Variable Substitution: Values defined in the vars section of overlay-conf.yaml are expanded into ${variableName} placeholders in workflows. This is simple string replacement—no conditionals or loops.
# overlay-conf.yaml
vars:
username: alice
# In workflow
- "echo Hello, ${username}"
# → Expands to "echo Hello, alice"
Overlay (Patch): Overwrites, adds, or deletes specific steps in the base workflow entirely. Differences can be applied at the YAML structure level.
# patch.yaml
steps:
- vertexName: deploy-docs
actions:
- actor: this
method: executeCommand
arguments:
- "rsync -av ./build/ remote-server:/var/www/"
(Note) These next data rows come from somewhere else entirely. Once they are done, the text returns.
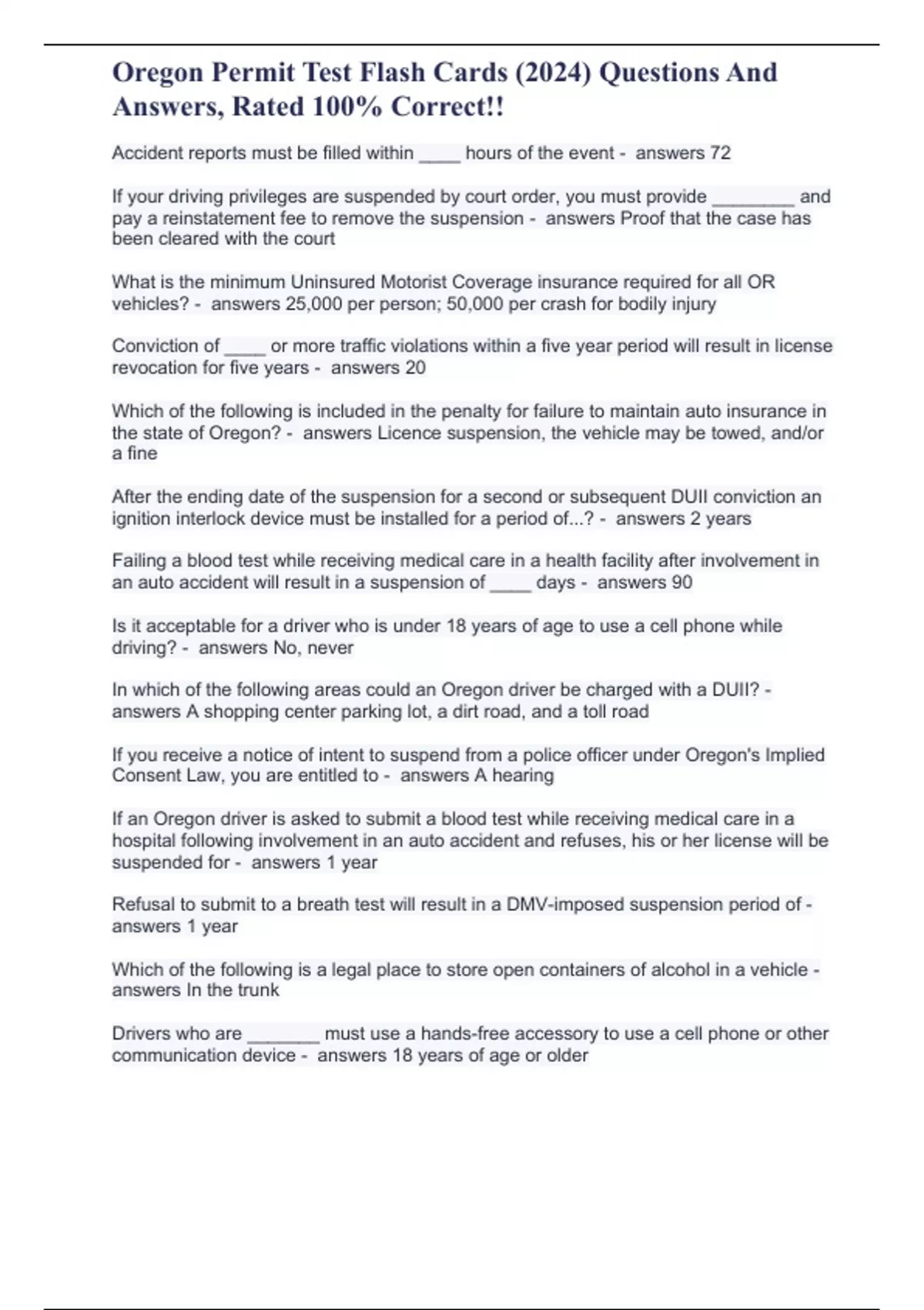 Oregon Permit Test Flash Cards (2024) Questions And Answers, Rated 100% Correct!!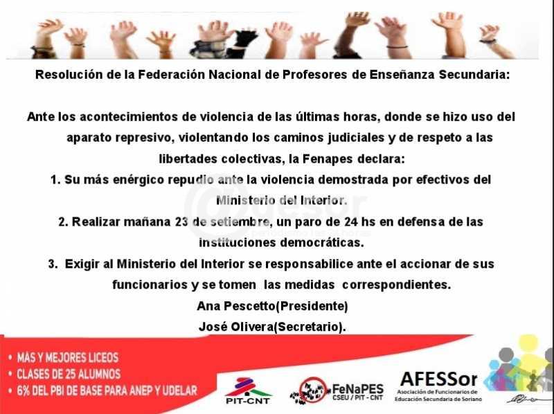 2. Realizar mañana 23 de setiembre, un paro de 24 hs en defensa de las instituciones democráticas.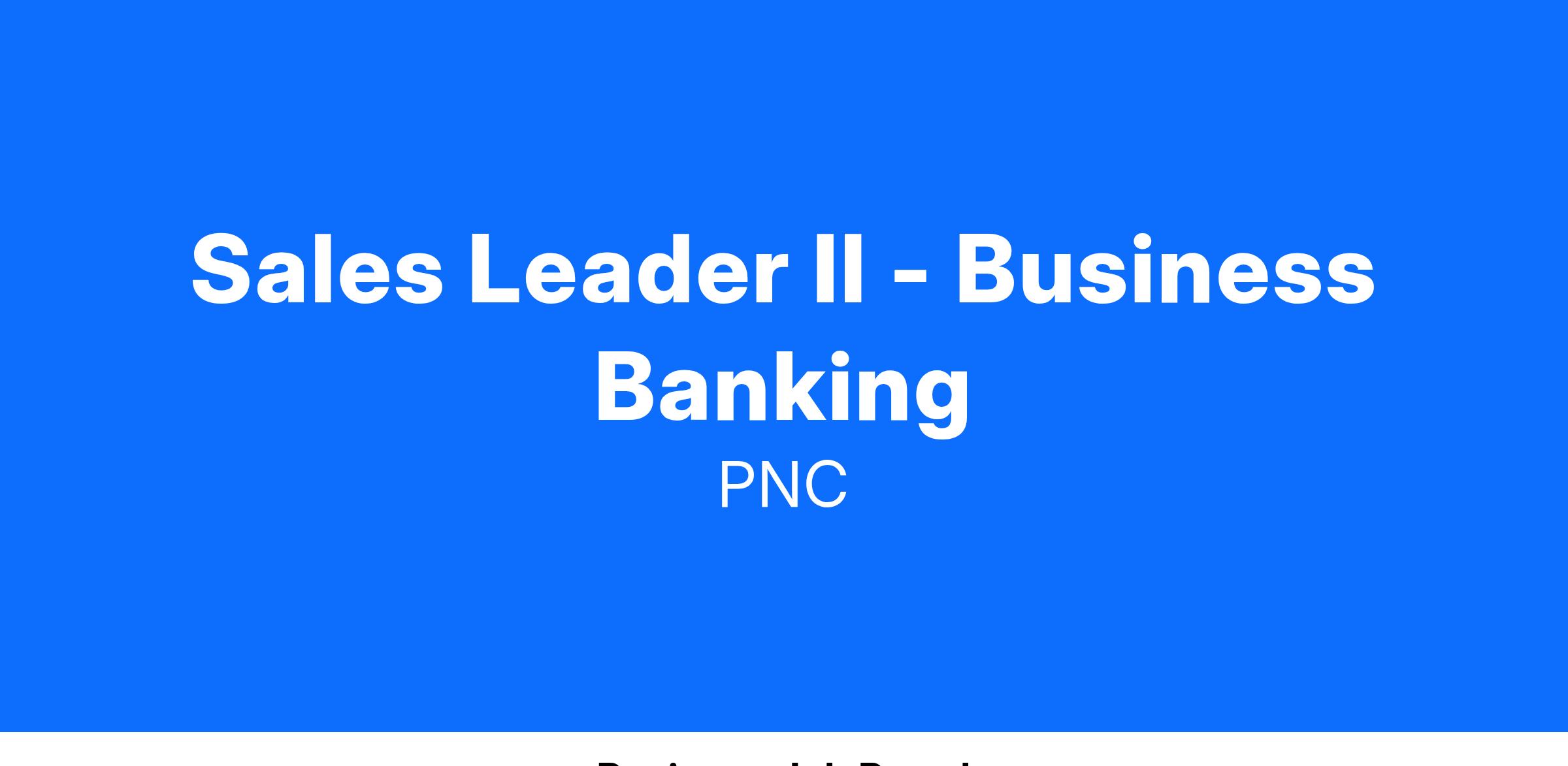 At PNC, our people are our greatest differentiator and competitive advantage in the markets we serve. We are all united in delivering the best experience for our customers. We work together each day to foster an inclusive workplace culture where all of our employees feel respected, valued and have an opportunity to contribute to the company’s success. As a Sales Leader II (General Sales Executive) within PNC's Business Banking organization, you will be based in our California/Arizona and Mountain West Markets, with hubs in Southern California, Phoenix and Denver.
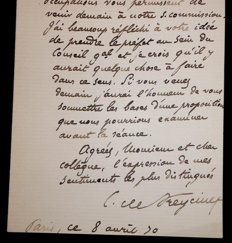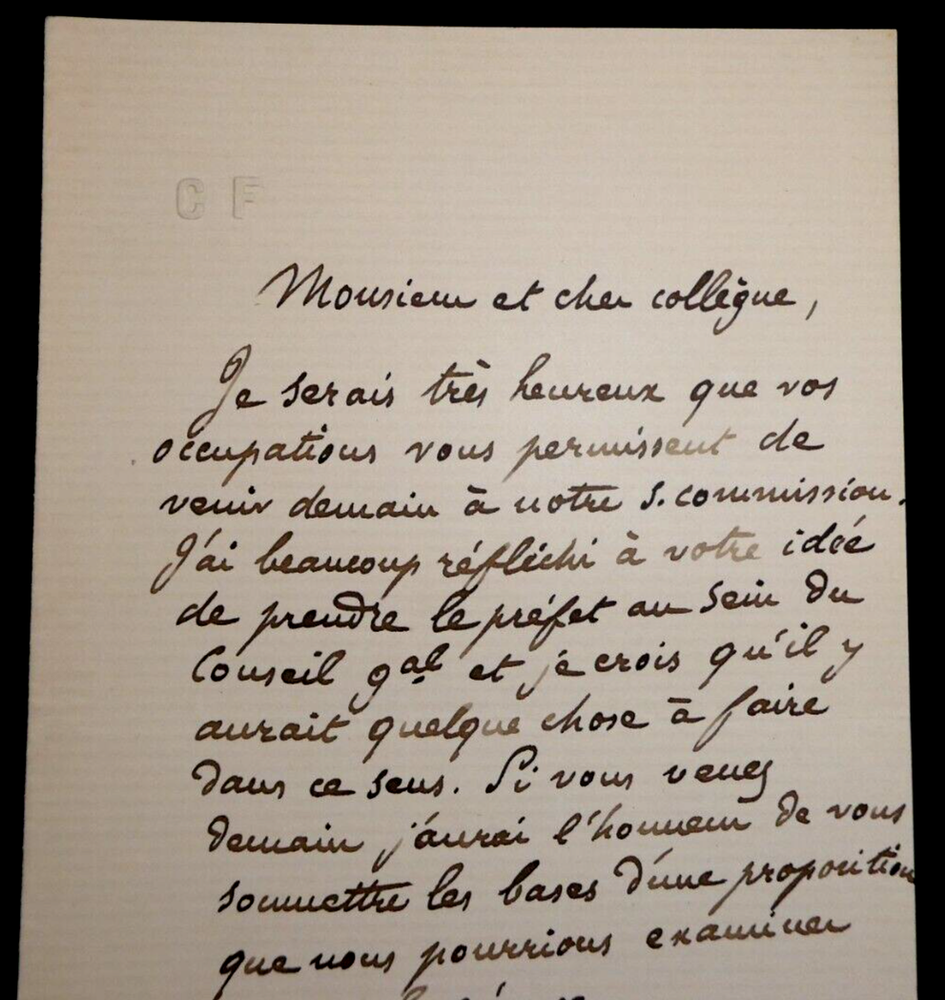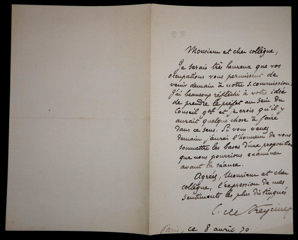 Lettre autographe signée de Charles Louis Saulces DE FREYCINET en date du 8 août 1890 avec monogramme à froid des initiales "CF". Lettre de une page dans laquelle il dit avoir beaucoup réfléchi à l'idée de son correspondant qui est d'intégrer le préfet au sein de leur conseil général et ne serait pas contre cette suggestion. État: Voir photos pour plus de détails. Dimensions : 13,2 x 21 cm. 1 page. Charles de Freycinet, né le 14 novembre 1828 à Foix et mort le 14 mai 1923 à Paris, est un homme d'État et ingénieur français. Wikipédia Envoi soigné dans un emballage rigide et étanche. Satisfait ou remboursé. Si vous n'êtes pas entièrement satisfait, je reprends la marchandise avec retour à ma charge pour l'Europe et à la charge de l'acheteur pour le reste du monde. N’hésitez pas à visiter ma boutique et affiner vos recherches en fonction des catégories qui vous intéressent. Ma boutique L'Art Délivré. Lettres autographes, vieux papiers, livres anciens, photographies, gravures, timbres… Nous expertisons et/ou rachetons dans toute la France vos lettres, collections de lettres et livres anciens. Merci de votre visite. Jérôme KAYSER. Lettre autographe signée de Charles Louis Saulces DE FREYCINET en date du 8 août 1890 avec monogramme à froid des initiales "CF". Lettre de une page dans laquelle il dit avoir beaucoup réfléchi à l'idée de son correspondant qui est d'intégrer le préfet au sein de leur conseil général et ne serait pas contre cette suggestion. Charles de Freycinet, né le 14 novembre 1828 à Foix et mort le 14 mai 1923 à Paris, est un homme d'État et ingénieur français. Wikipédia Si vous n'êtes pas entièrement satisfait, je reprends la marchandise avec retour à ma charge pour l'Europe et à la charge de l'acheteur pour le reste du monde. N’hésitez pas à visiter ma boutique et affiner vos recherches en fonction des catégories qui vous intéressent. Ma boutique Nous expertisons et/ou rachetons dans toute la France

How to use these two is the key to maintainable workflow design.
How to do it
When to Use Variables
Variables are suited for simple value substitution. Choose variables when the same value is used in multiple places or when conditionals are not needed.
| Use Case | Example |
|---|---|
| Username / Account name | ${username} → alice, bob |
| File path | ${doclist_path} → /path/to/list.txt |
| Server name / URL | ${server} → localhost, 192.168.5.1 |
| Configuration value | ${retention_days} → 7, 30 |
The base workflow references variables:
# setup-sub.yaml (base workflow)
name: DocuSearchSetupWorkflow
steps:
- states: ["0", "1"]
vertexName: check-doclist
actions:
- actor: this
method: executeCommand
arguments:
- |
DOCLIST=$HOME/docu-search/overlays/${username}/document_list-${username}.txt
if [ -f "$DOCLIST" ]; then
echo "[OK] Document list found"
else
echo "[ERROR] Document list not found: $DOCLIST"
exit 1
fi
Each user's overlay configuration only needs vars definitions:
# overlays/alice/overlay-conf.yaml
apiVersion: pojoactor.scivicslab.com/v1
kind: OverlayConf
bases:
- ../..
vars:
username: alice
# overlays/bob/overlay-conf.yaml
apiVersion: pojoactor.scivicslab.com/v1
kind: OverlayConf
bases:
- ../..
vars:
username: bob
This centralizes build logic in the base workflow. Changes to common logic only require modifying the base.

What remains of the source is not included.